● Exercise details: What should be copied is the stretch of entries below from the line with "#北欧 #卫生间 #六角砖 #爵士白#镜柜 #浴室柜" up to and including the line with "The red line", exactly and without images.
Data provided: Begin
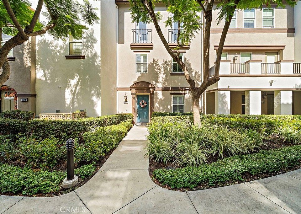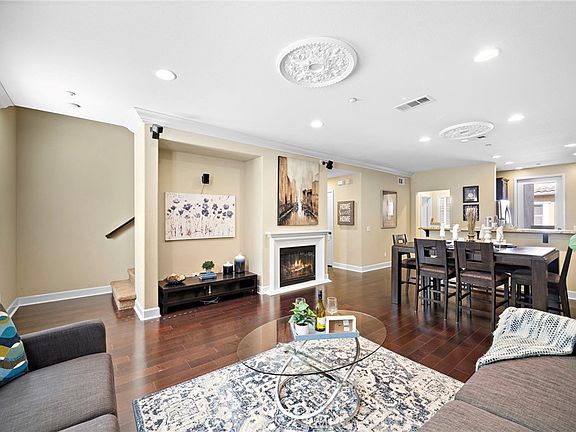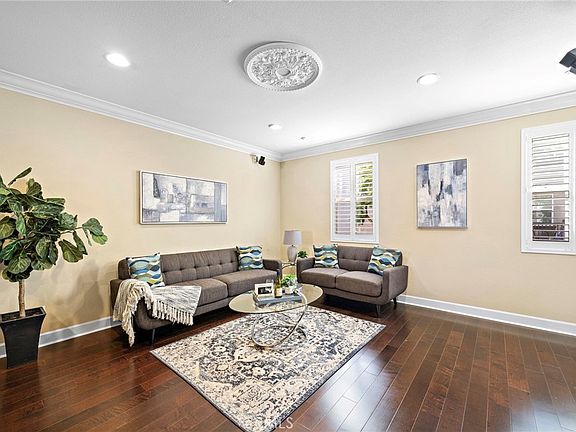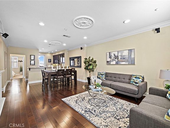 Absolutely stunning tri-level townhome-style condo quality-built by Taylor Woodrow in 2007, nestled in the exclusive Palazzo community within Renaissance Plaza with resort-style association pool, spa, and beautifully landscaped grounds, this contemporary beauty boasts 4 bedrooms, 4 full bathrooms, and 1,814 square feet and has been beautifully upgraded with modern luxury finishes throughout including central A/C, volume ceilings, crown molding, dual pane windows, plantation shutters, clear-glass French doors, raised panel interior doors and closet doors, LED recessed lighting, wide-plank wood laminate flooring, and full surround-sound wiring; the remodeled chef’s dream kitchen is a masterpiece with granite countertops, full granite backsplash, rich dark-wood soft-closing cabinetry with glass display panels and under-cabinet lighting, stainless double sinks, and stainless appliances including a gas range, dishwasher, and microwave, plus a breakfast bar open to the elegant living room with fireplace, media niche, and dining area, with a French door leading to a private second-level patio perfect for evening barbeques and dining; the bathrooms showcase Carrera marble-look countertops, upgraded lighting, tile finishes, and clear-glass enclosures, with dual sinks in the primary suite, while an ensuite bedroom on the first floor, inside laundry room, and direct-access 2-car garage plus an additional guest parking provide comfort and convenience; ideally located in the vibrant heart of Stanton, close to shopping, dining, parks, and schools with quick access to the 5, 22, and 91 freeways, offering the perfect combination of modern living, convenience, and effortless accessibility.
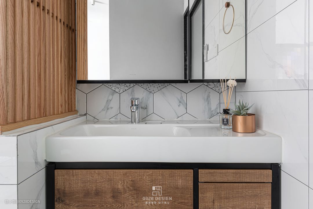 #北欧 #卫生间 #六角砖 #爵士白#镜柜 #浴室柜
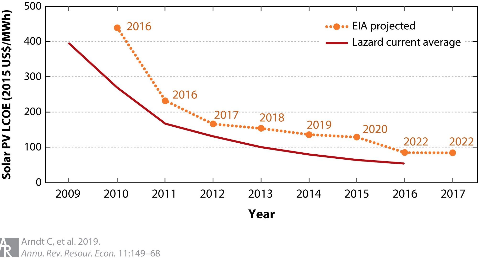 The red line shows the drop in average solar costs. The orange (on a different time scale) shows what the US Energy Information Administration projected costs to be in different years. By 2016, costs had already collapsed to projected levels for 2022, one-fifth of what the estimate for 2016 was. Unusually for any infrastructure project, renewable energy has come in early and well under budget.
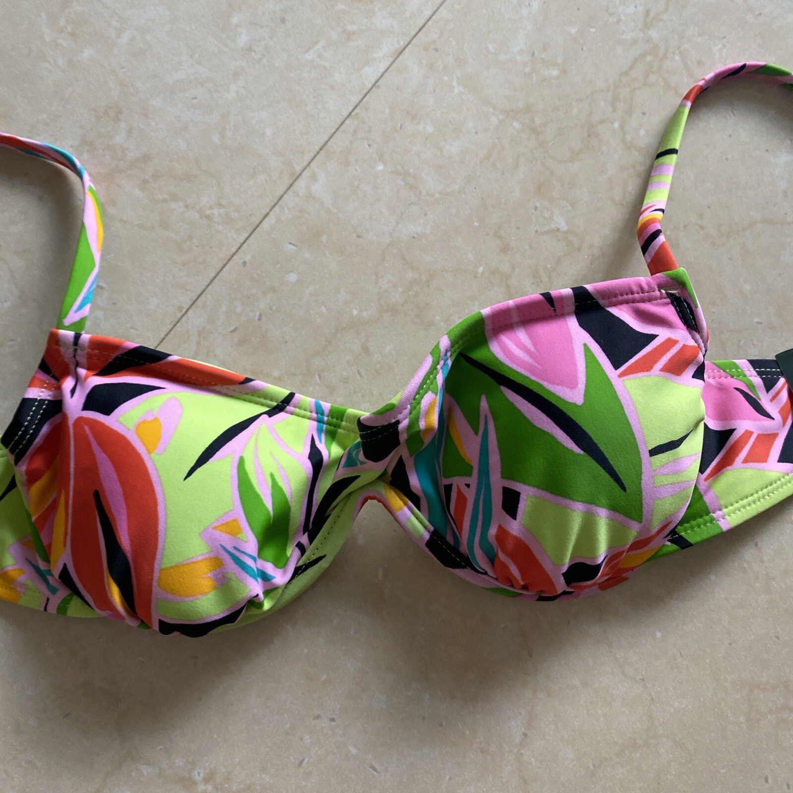 как выглядит Womens Underwire Bralette Bikini Top Wild Fable Tropical Print XS фото
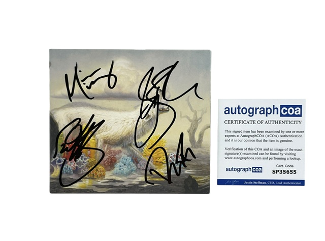 All four signatures come certified authentic by Autograph COA (ACOA). The certification sticker is affixed to the back of the CD booklet, and the matching ACOA Certificate of Authenticity card is included. The signatures are fully verifiable in the AutographCOA database, which features a photo of the exact signed item.
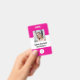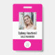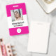 Ce badge présente un arrière - plan rose chaud tendance divisé par un bloc de couleur blanche. Customisez-le avec votre photo carré, nom, titre de travail, logo, nom de l'entreprise, adresse ou autres informations, et code à barres en option.
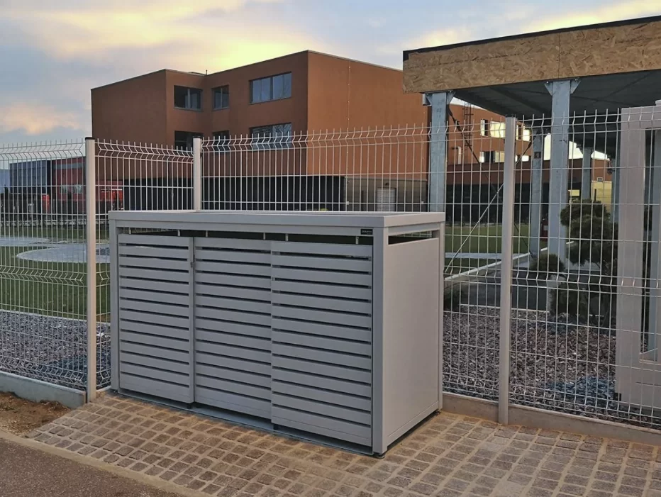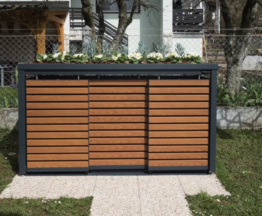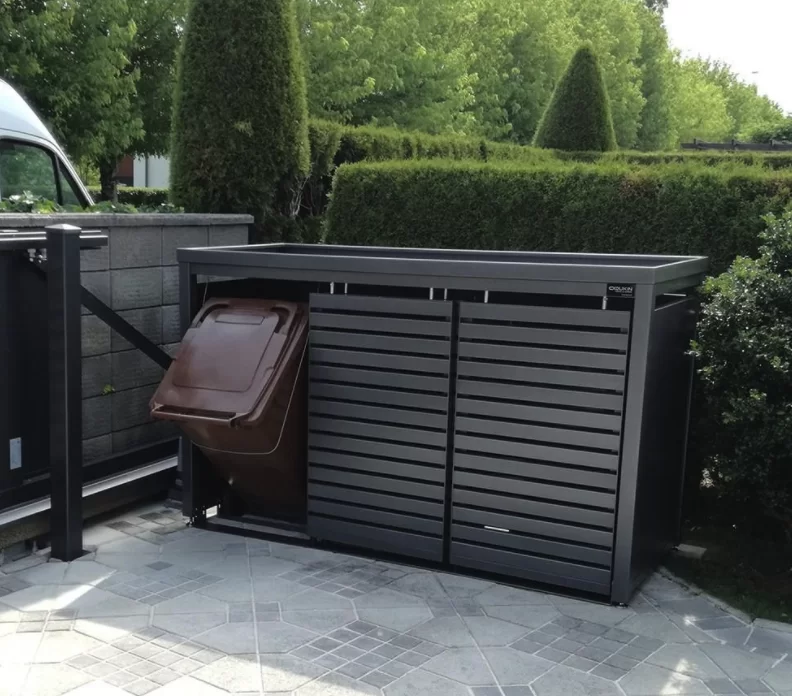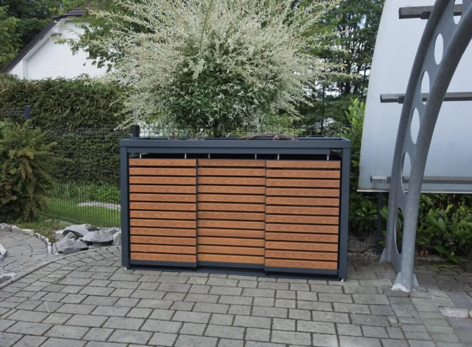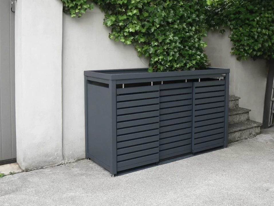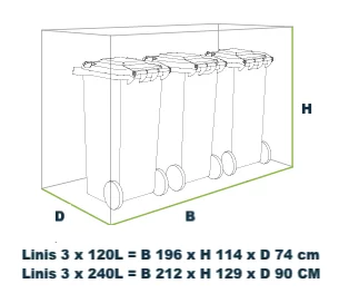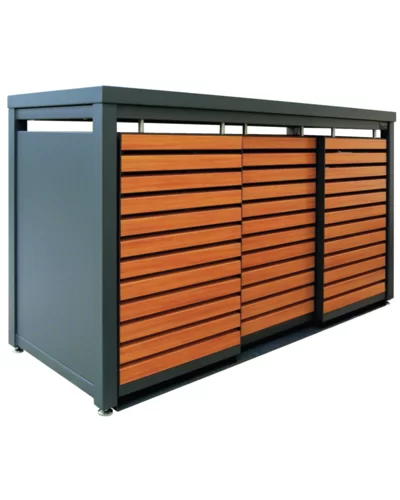 Drievoudige behuizing voor drie 240 liter kliko’s/containers met beplantbaar dak. Het frame is gemaakt van vierkante kokers (6 x 6 cm), beschikt over een achterkant en zijwanden, lamellen deuren en vanglijnen voor comfortabele bediening van de containers en beplantbaar dak (hoogte 6 cm) van aluminium. De schuifdeur heeft borstels in de schuifdeur ophanging voor bescherming tegen vuil en stof. De ombouw heeft geen tussenschot, waardoor er meer ruimte in de ombouw ontstaat.
Data provided: End
● Response:
 #北欧 #卫生间 #六角砖 #爵士白#镜柜 #浴室柜
 The red line shows the drop in average solar costs. The orange (on a different time scale) shows what the US Energy Information Administration projected costs to be in different years. By 2016, costs had already collapsed to projected levels for 2022, one-fifth of what the estimate for 2016 was. Unusually for any infrastructure project, renewable energy has come in early and well under budget.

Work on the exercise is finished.